Labels start from 1 so need to be updated to zero based.

In [9]:
def update_label_to_zero_base(df):
    df['34'] = df['34'] - 1
    df = df.astype("float32")
    return df
data_shards = data_shards.transform_shard(update_label_to_zero_base)
print(data_shards.head(5), data_shards.get_schema())

## Assemble feature and labels

In [10]:
data_shards = data_shards.assembleFeatureLabelCols(featureCols=list(columns[:-1]),
                                                   labelCols=[columns[-1]])

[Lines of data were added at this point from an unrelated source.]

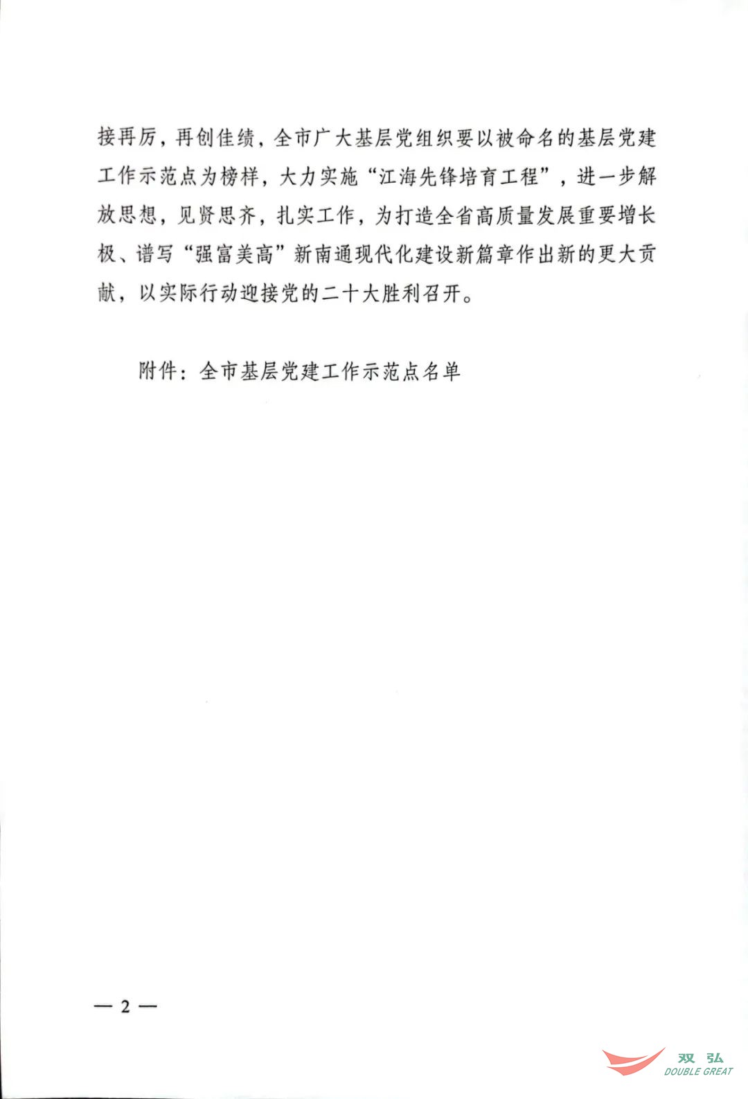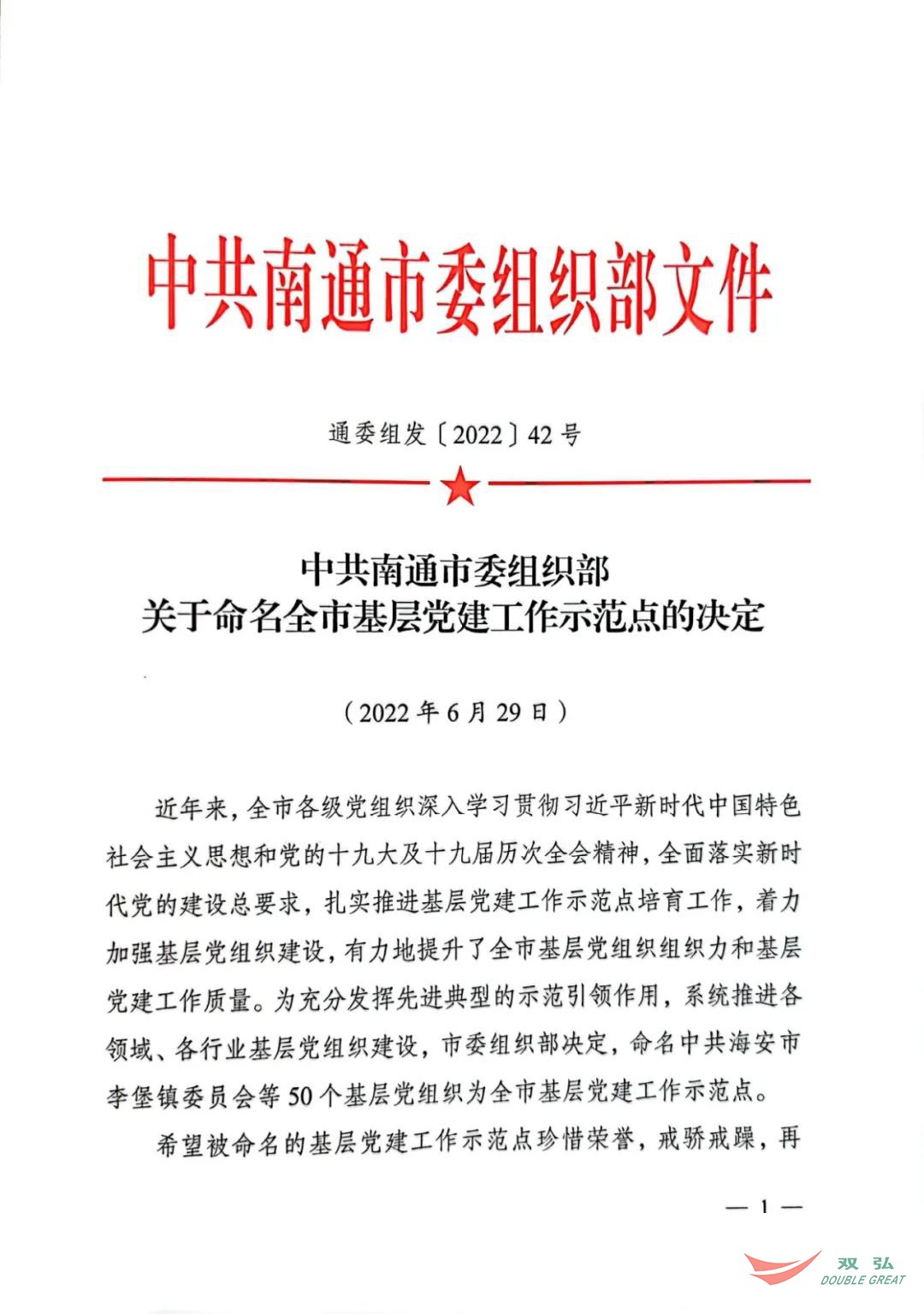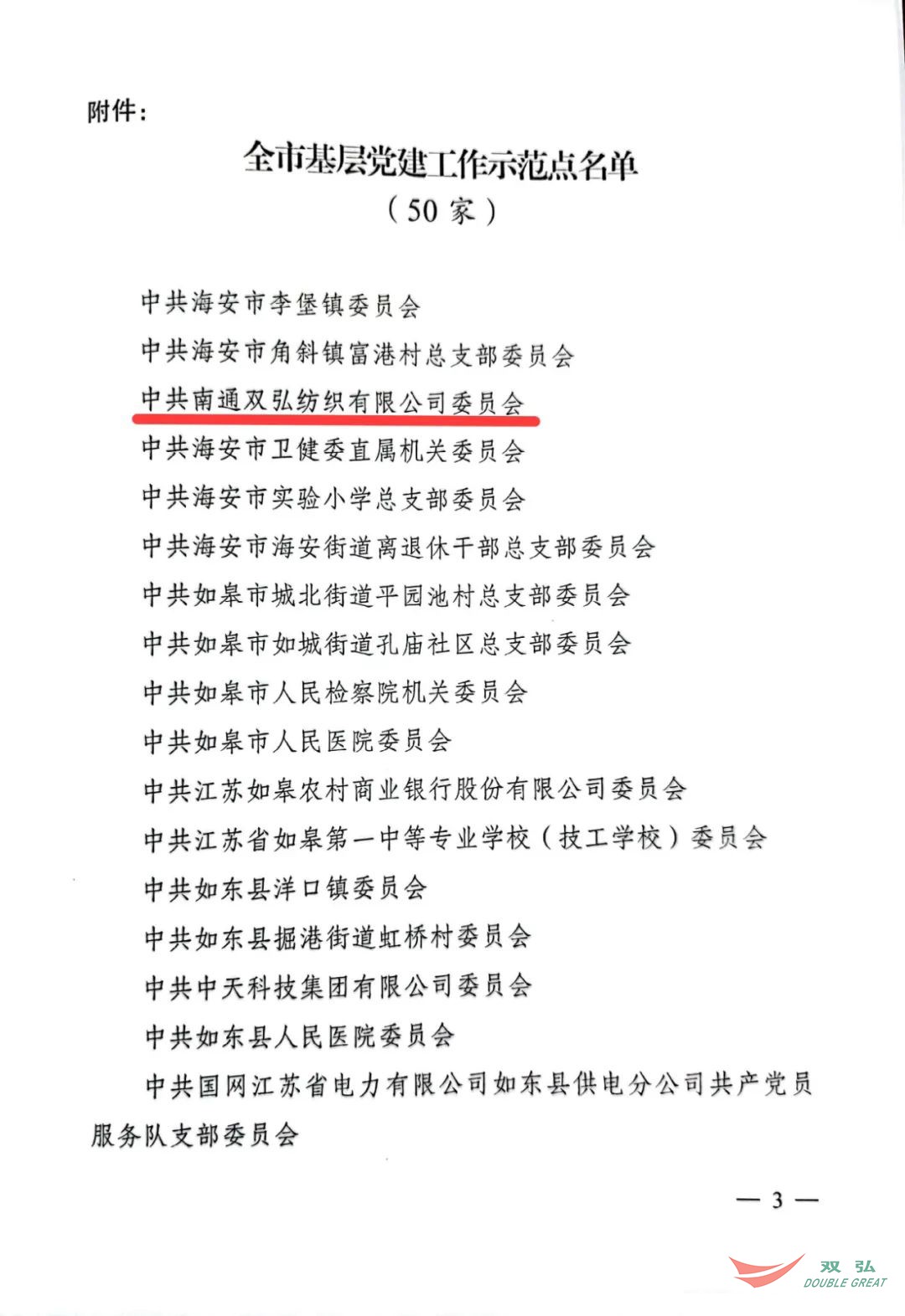 최근 CPC Nantong Municipal Committee의 조직 부서는 50 개의 풀뿌리 당 단체를 도시의 풀뿌리 파티 구축 시연장으로 명명 한 문서를 발표했습니다. Nantong Double Great Textile Co.,,, Ltd.의 파티위원회는 "도시의 풀뿌리 파티 빌딩 시연장"이라는 제목을 받았습니다.
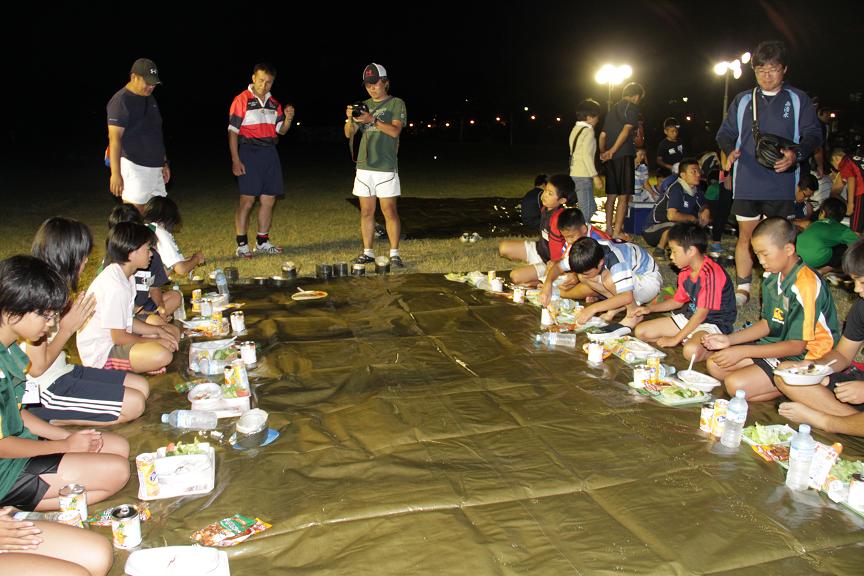 クリニック終了後は、テントごとに分けた各チーム混成のメンバーで協力しながらの食事、入浴、キャンプファイヤーで1日目は終了しました。
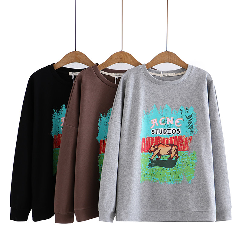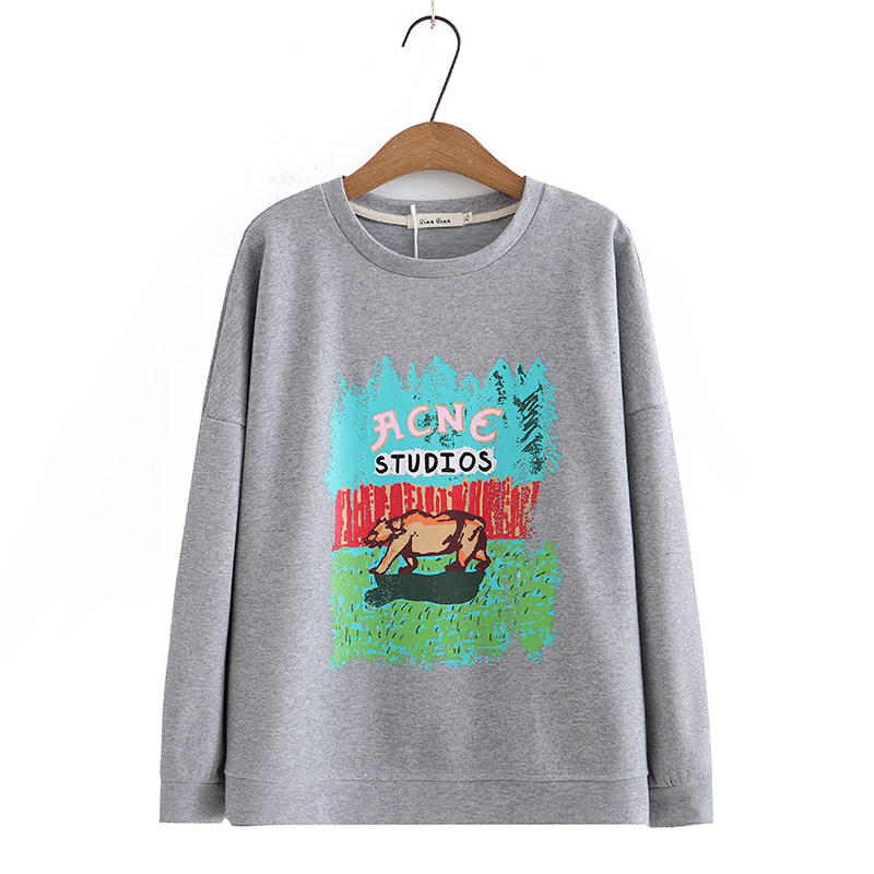 Осенний мультяшный лонгслив с круглым воротником для отдыха, толстовка, в корейском стиле, большой размер
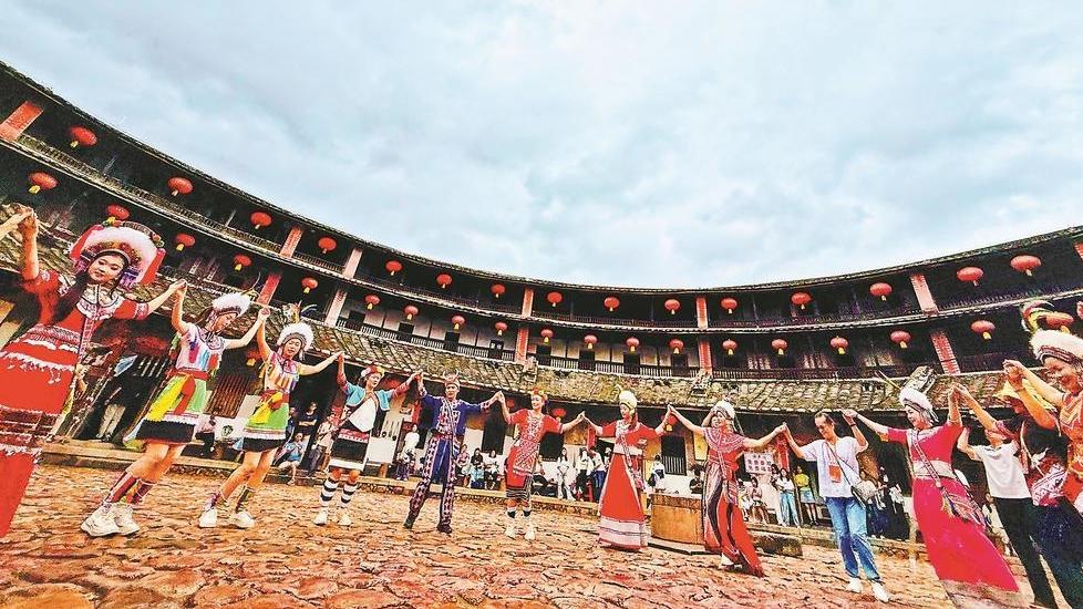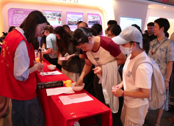 博饼时,桌上放置一个瓷碗,每人轮流抓取6个骰子,掷入碗中,发出叮叮当当的脆响,看骰子的点数得饼。博饼过程充满欢声笑语,其乐融融的感觉很是温馨。[详细]
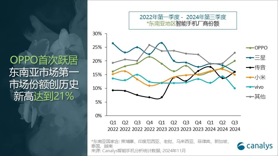 2024年第三季度,東南亞智能手機市場同比增長15%,達到2500萬臺。OPPO以 510萬部的出貨量和21%的市場份額領跑東南亞智能手機市場,這主要得益于其重塑入門級機型A3x和A3。三星緊隨其后,市場份額為16%,出貨價值份額為 23%。

## Define PyTorch model and train it

Users can build a PyTorch model as usual and use Orca Estimator to train it

In [11]:
# define a MLP model
class MLP(Module):
    # define model elements
    def __init__(self, n_inputs):
        super(MLP, self).__init__()
        # input to first hidden layer
        self.hidden1 = Linear(n_inputs, 10)
        kaiming_uniform_(self.hidden1.weight, nonlinearity='relu')
        self.act1 = ReLU()
        # second hidden layer
        self.hidden2 = Linear(10, 8)
        kaiming_uniform_(self.hidden2.weight, nonlinearity='relu')
        self.act2 = ReLU()
        # third hidden layer and output
        self.hidden3 = Linear(8, 1)
        xavier_uniform_(self.hidden3.weight)
        self.act3 = Sigmoid()

    # forward propagate input
    def forward(self, X):
        # input to first hidden layer
        X = self.hidden1(X)
        X = self.act1(X)
        # second hidden layer
        X = self.hidden2(X)
        X = self.act2(X)
        # third hidden layer and output
        X = self.hidden3(X)
        X = self.act3(X)
        return X


def model_creator(config):
    model = MLP(config["n_inputs"])
    model.train()
    return model

In [12]:
# define criterion and optimizer
def optimizer_creator(model, config):
    optimizer = SGD(model.parameters(), lr=config["lr"], momentum=config["momentum"])
    return optimizer

criterion = BCELoss()


In [13]:
# build Orca Estimator
orca_estimator = Estimator.from_torch(model=model_creator,
                                      optimizer=optimizer_creator,
                                      loss=criterion,
                                      metrics=[Accuracy()],
                                      backend="spark",
                                      config={"n_inputs": 34,
                                              "lr": 0.01,
                                              "momentum": 0.9})


creating: createTorchLoss
creating: createTorchOptim
creating: createZooKerasAccuracy
creating: createEstimator


In [None]:
# train the model
orca_estimator.fit(data=data_shards, epochs=100, batch_size=32)

In [15]:
# stop OrcaContext
stop_orca_context()

Stopping orca context